Generally speaking, there are four things taken into consideration when fortification standards are created:
Fortification standards should only be drafted and adopted in a country if there is a demonstrated need for the nutrients being provided at a population level and there is a food vehicle(s) that can effectively be fortified (this includes foods that are consumed by a large segment of the population most of the year and foods that can be fortified without substantial cost increase or organoleptic changes).

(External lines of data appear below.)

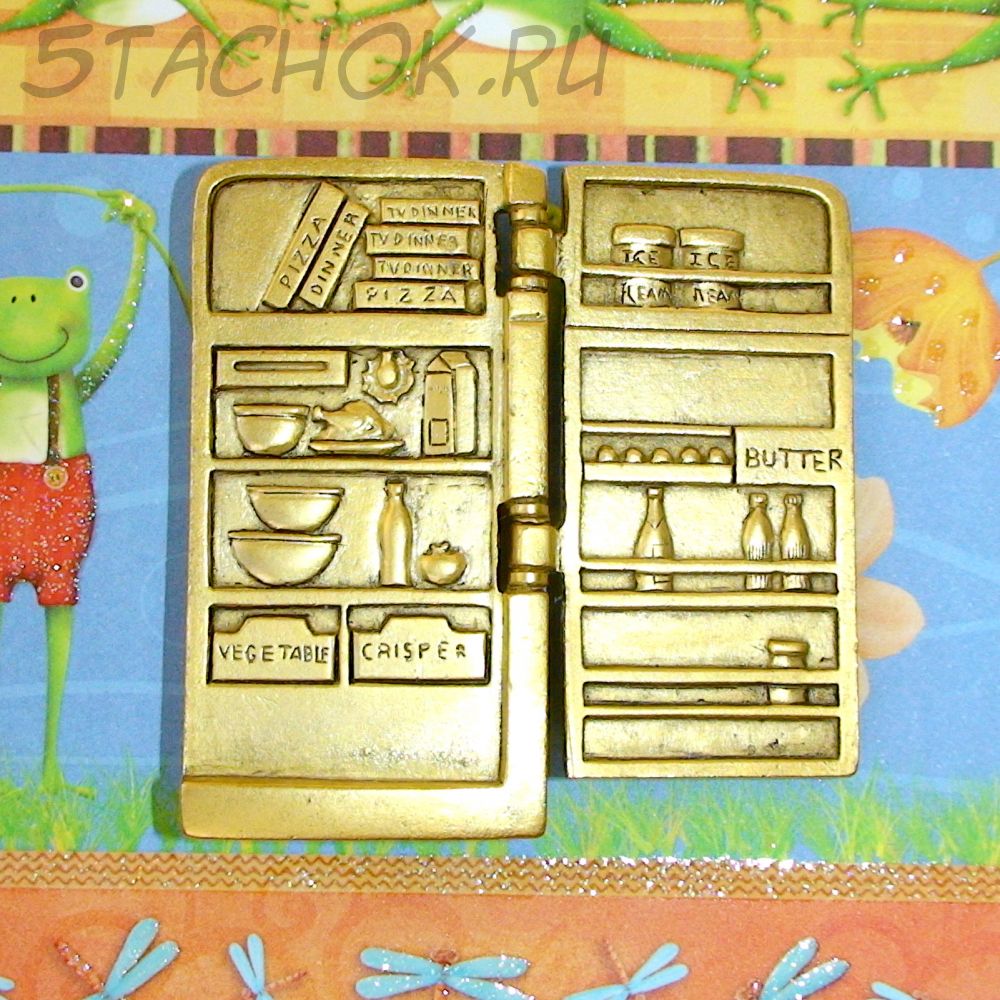 Брошь "Холодильник" под античное золото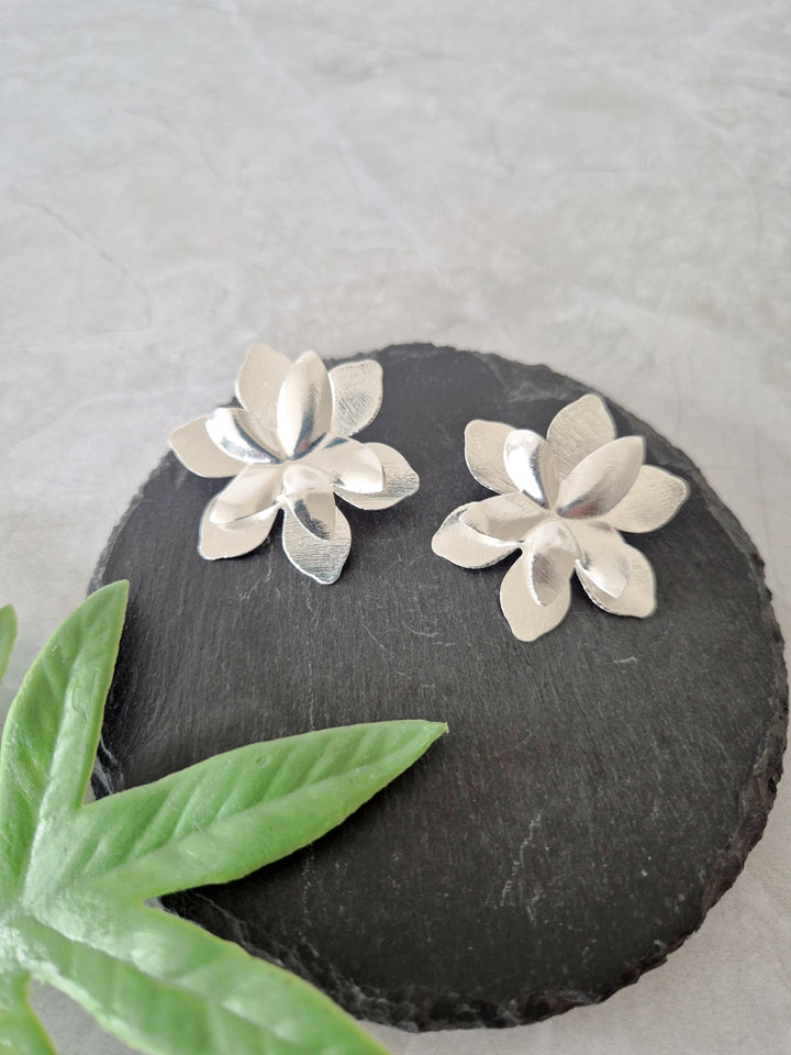 Los aros amistad son pura luz. Su diseño en forma de flor con volumen y su baño en plata los convierten en ese toque femenino y fresco que levanta cualquier look, desde el más simple hasta el más elegante.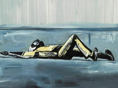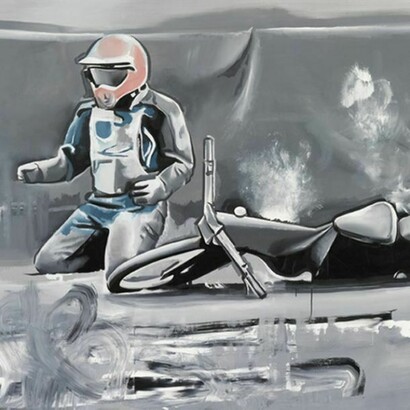 As a child, Sasnal frequently visited the racetrack in his hometown of Tarnow. Memories from these trips serve as the subject matter for his new paintings. The works show anonymous motorcyclists lying on the ground after a wreck, or struggling to get back on their feet.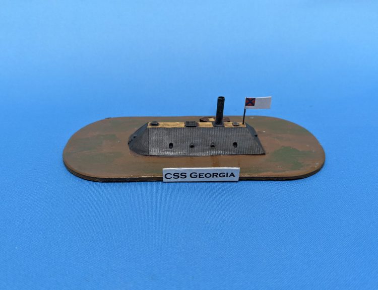 Last I have some ironclads I finished in 1/600 scale from Thoroughbred Miniatures. These are gorgeous models - I think I'll probably own the whole line at some point. I mostly just picked ones I liked the look of, not going for a certain scenario. The CSS Georgia was actually so poorly manufactured that it couldn't move and ended up being a floating battery. I'm still looking at rules but right now I'm leaning toward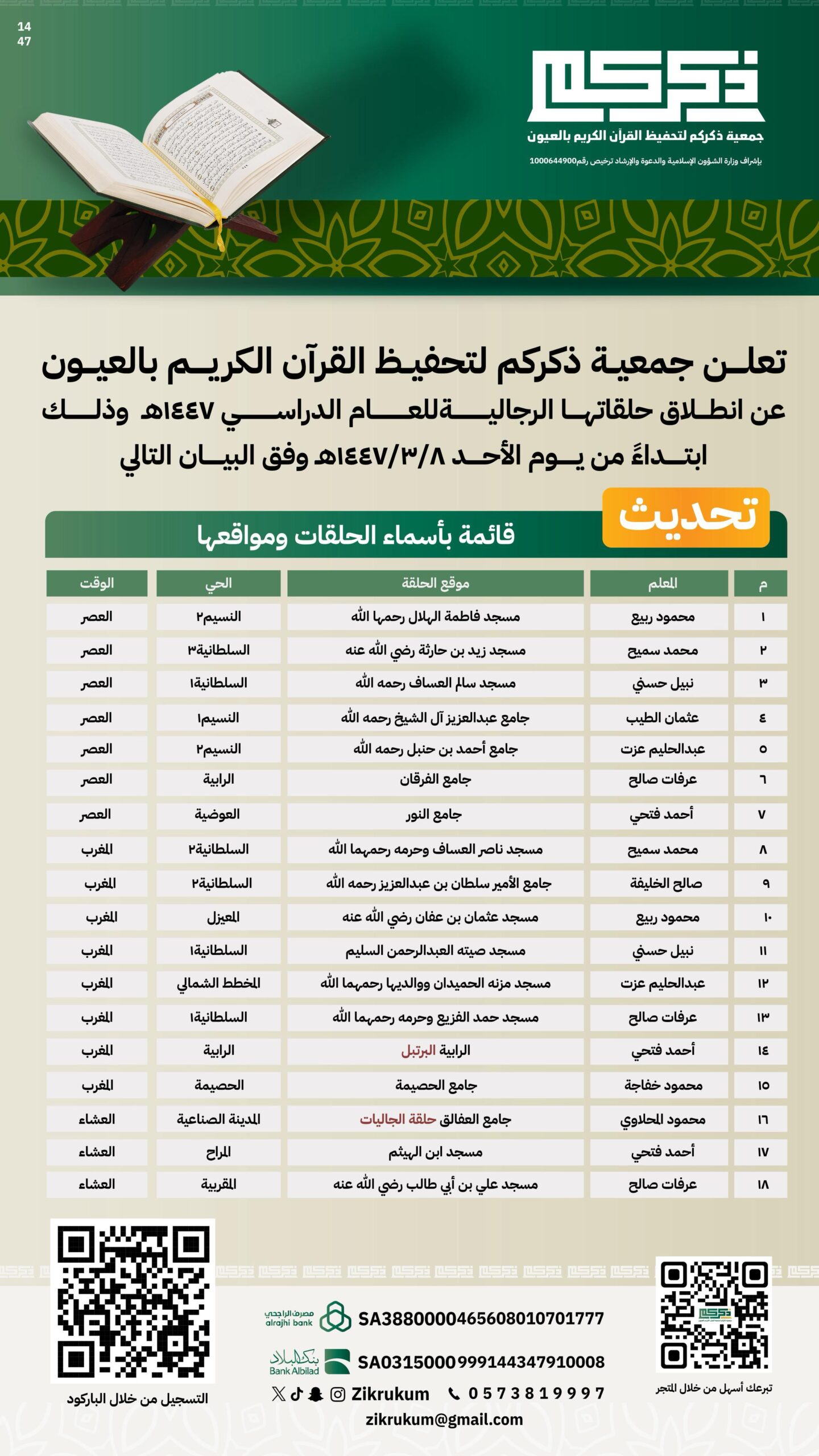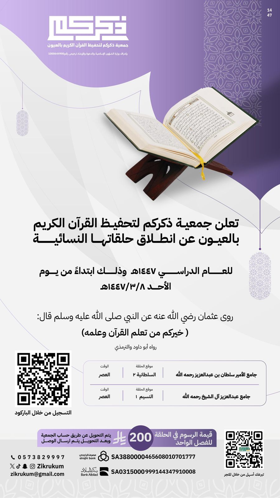 ▪︎ تُعلن جمعية ذكركم لتحفيظ القرآن الكريم بالعيون عن انطلاق الحلقات القرآنية بالجوامع و المساجد للرجال والنساء ، على أن تكون بداية التسجيل من اليوم الخميس 1447/2/20هـ الموافق 2025/8/14 على أن تكون بداية الحلقات من يوم الأحد

Once this is determined, very careful consideration is given to how much of the food vehicle being fortified (or food vehicles being fortified, if more than one) is consumed by the population on a daily basis; this includes men, women, and children. The goal is to provide enough of the nutrient(s) to ensure a nutritional impact amongst those consuming the least while preventing consumption of more than is required by those who consume the most. This is often done through modeling exercises that use the Food Fortification Formulator or by referencing the WHO Wheat and Maize Flour Fortification Guidelines. This process should also take into account other vehicles that may be being fortified throughout the country and the quantity of nutrients provided in them in addition to other micronutrient interventions such as iron, folic acid, or vitamin A supplementation or biofortification programs that may be ongoing. If flour is being fortified, the extraction level of the flour will determine the type of iron fortificant that should be provided in order to ensure optimal bioavailability of the added iron. Finally, cost should be taken into consideration ensuring that any cost increase in the end product is no more than usual market price fluctuations (generally no more than 2% of the current market price).